┌─ ENTRIES PROVIDED

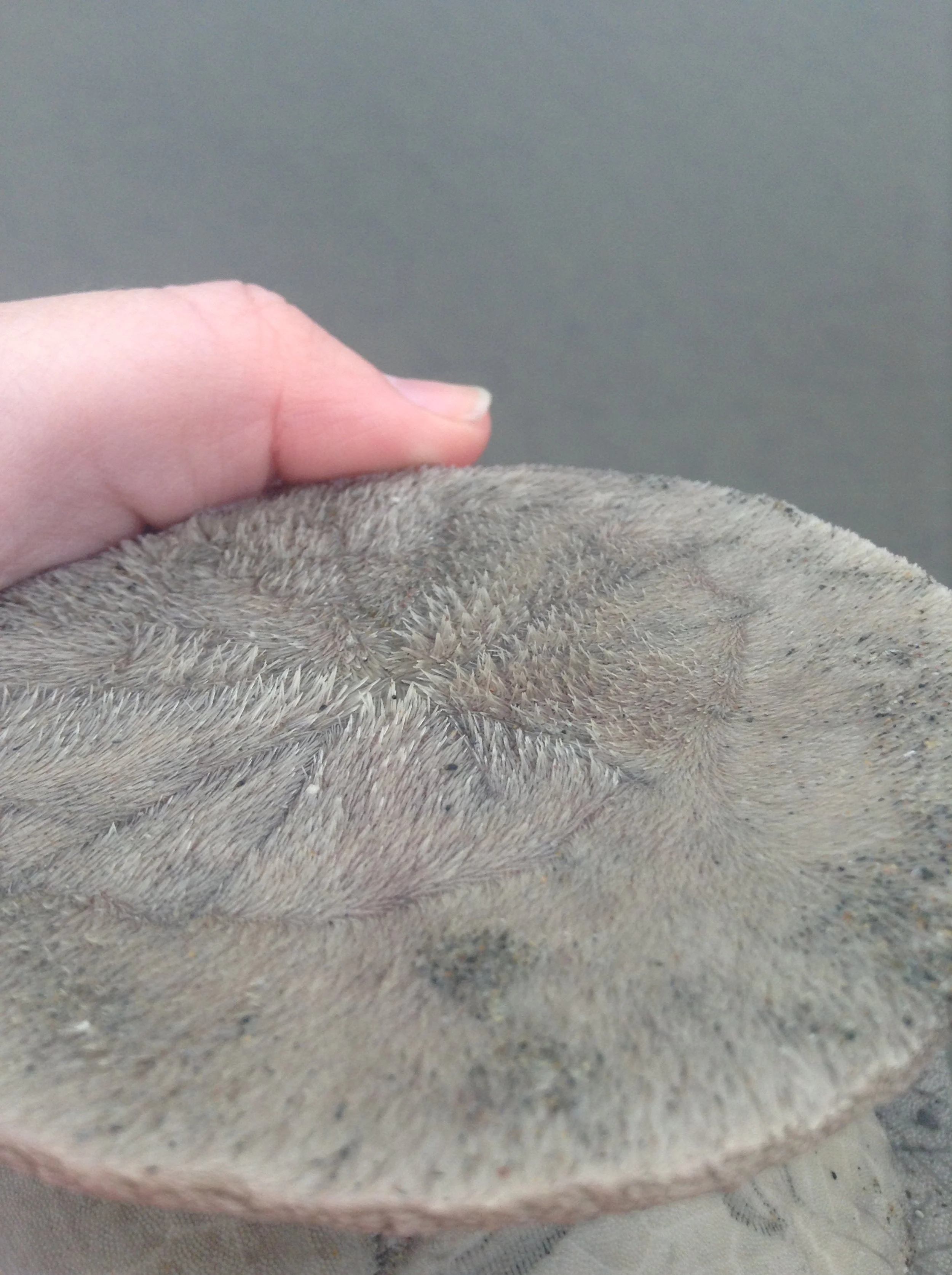 Live sand dollar underside showing tube feet (photo credit: Katie Corliss)
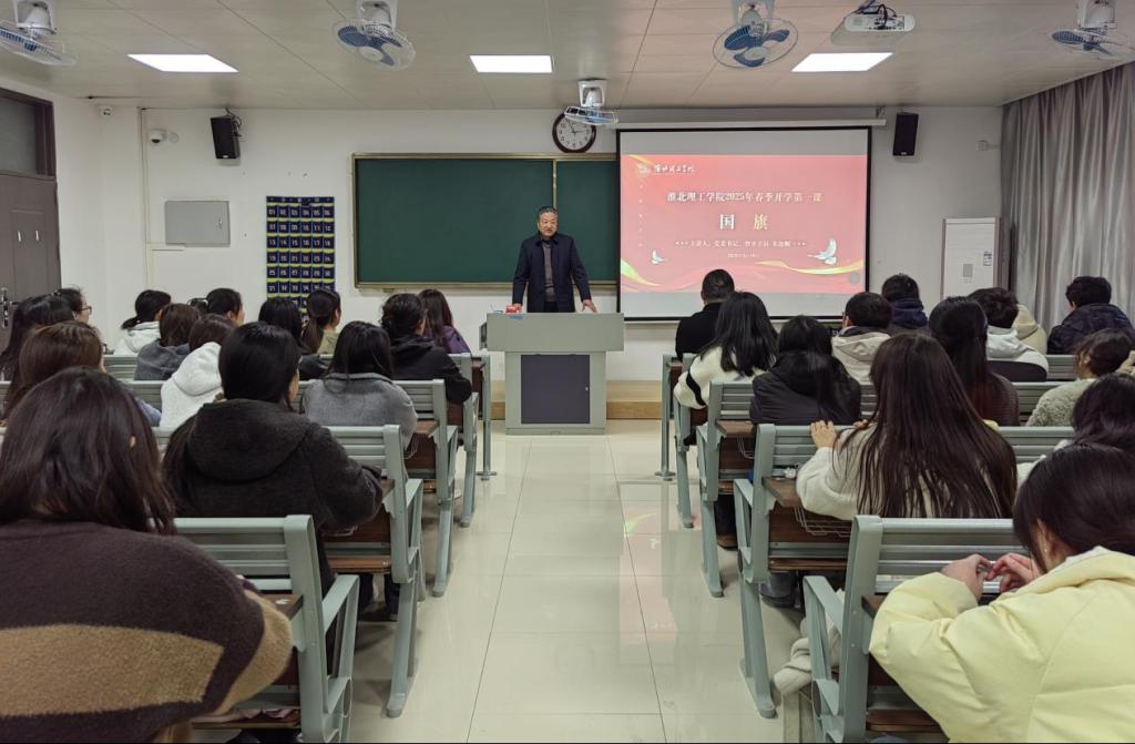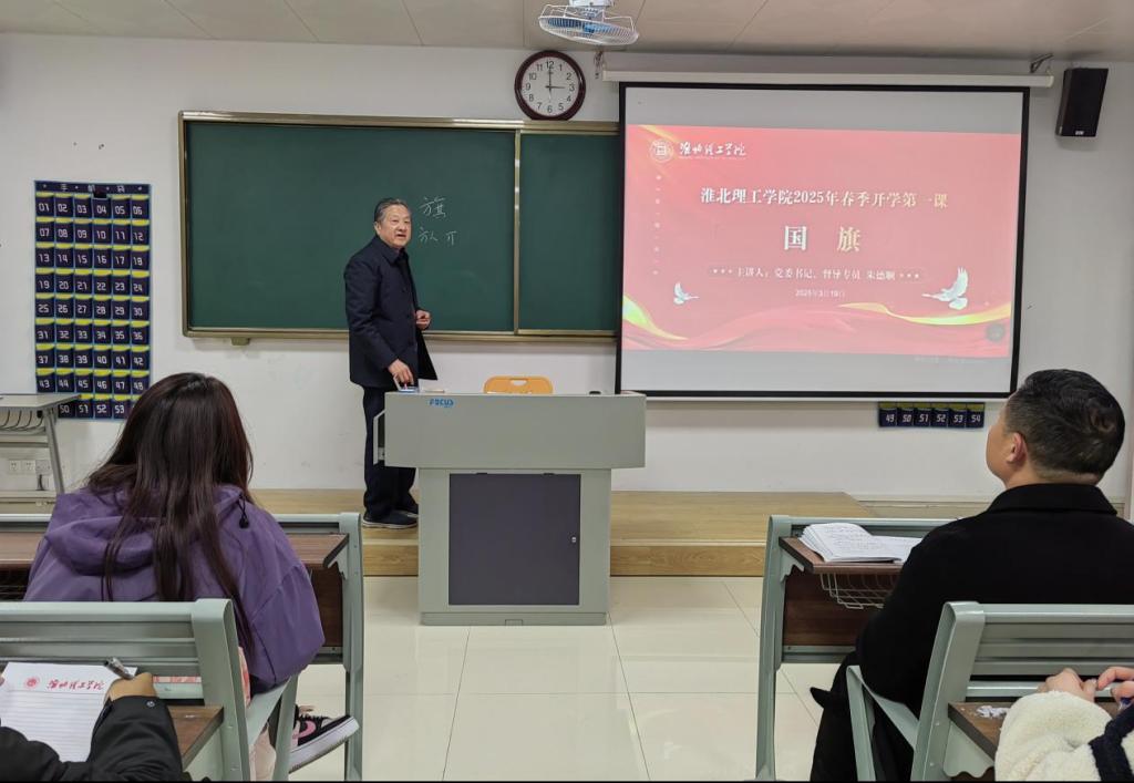 3月19日下午,koko体育官网校党委书记、督导专员朱德顺在春季学期开学初,于第二教学楼206教室为学生们开讲了一堂以爱国主义教育“国旗”为题的开学第一课。本次活动由教务处副处长秦品德主持,全校各学院学生代表百余人参加了此次活动。
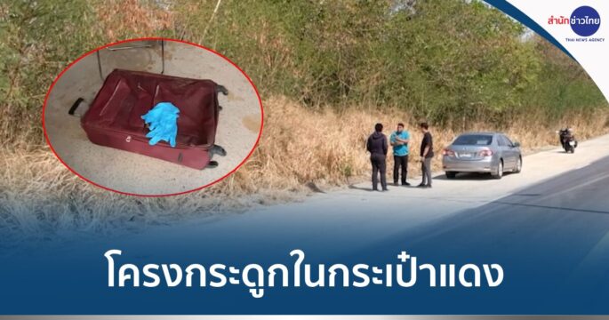 เร่งตรวจสอบโครงกระดูกมนุษย์ ในกระเป๋าเดินทางใบใหญ่สีแดง วางทิ้งในร่องน้ำข้างถนนสายห้วยใหญ่ อ.บางละมุง จ.ชลบุรี
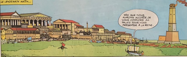 The Egypt of Asterix is a combination of classical and Egyptian. Alexandria is portrayed as a classical city with Greek temples, columns and colonnades.
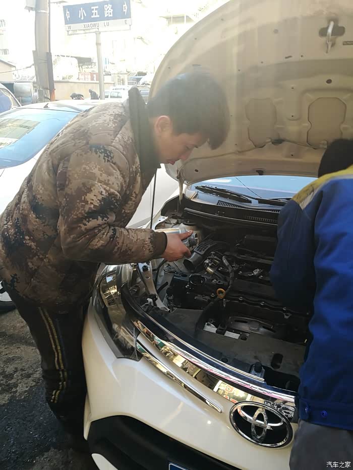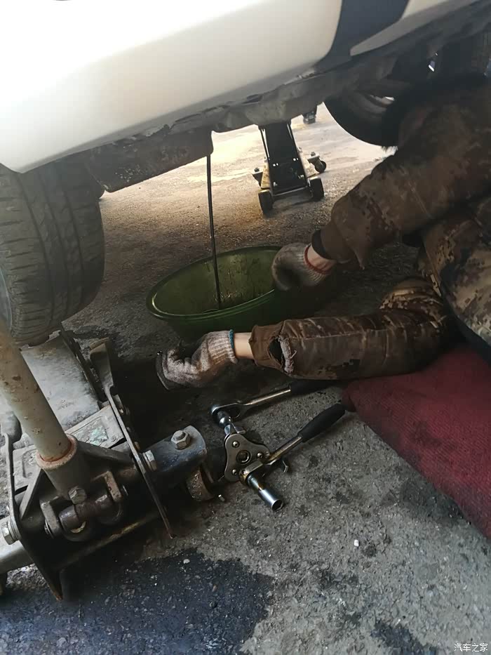另一个角度给大家展示一下维修师傅认真的态度。每次给小威换机油都会剩一点,毕竟小威的胃容量有限,呵呵。
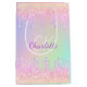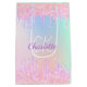 Un arcoíris, fondo holográfico de unicornio en rosa, púrpura, dorado rosa y verde menta con gotas de brillo falso y pintura goteante. Personaliza con un nombre y las iniciales del monograma. El nombre está escrito con una fuente de letra de moda. Puede ser utilizado para envolver regalos y como favor de fiesta para cumpleaños, despedidas de soltera y baby showers

└─

Starting with the line that has "วางทิ้งในร่องน้ำข้างถนนสายห้วยใหญ่ อ.บางละมุง จ.ชลบุรี" and ending with the last line of the records, retype every line exactly and only those lines. Do not include the pictures.

 เร่งตรวจสอบโครงกระดูกมนุษย์ ในกระเป๋าเดินทางใบใหญ่สีแดง วางทิ้งในร่องน้ำข้างถนนสายห้วยใหญ่ อ.บางละมุง จ.ชลบุรี
 The Egypt of Asterix is a combination of classical and Egyptian. Alexandria is portrayed as a classical city with Greek temples, columns and colonnades.
另一个角度给大家展示一下维修师傅认真的态度。每次给小威换机油都会剩一点,毕竟小威的胃容量有限,呵呵。
 Un arcoíris, fondo holográfico de unicornio en rosa, púrpura, dorado rosa y verde menta con gotas de brillo falso y pintura goteante. Personaliza con un nombre y las iniciales del monograma. El nombre está escrito con una fuente de letra de moda. Puede ser utilizado para envolver regalos y como favor de fiesta para cumpleaños, despedidas de soltera y baby showers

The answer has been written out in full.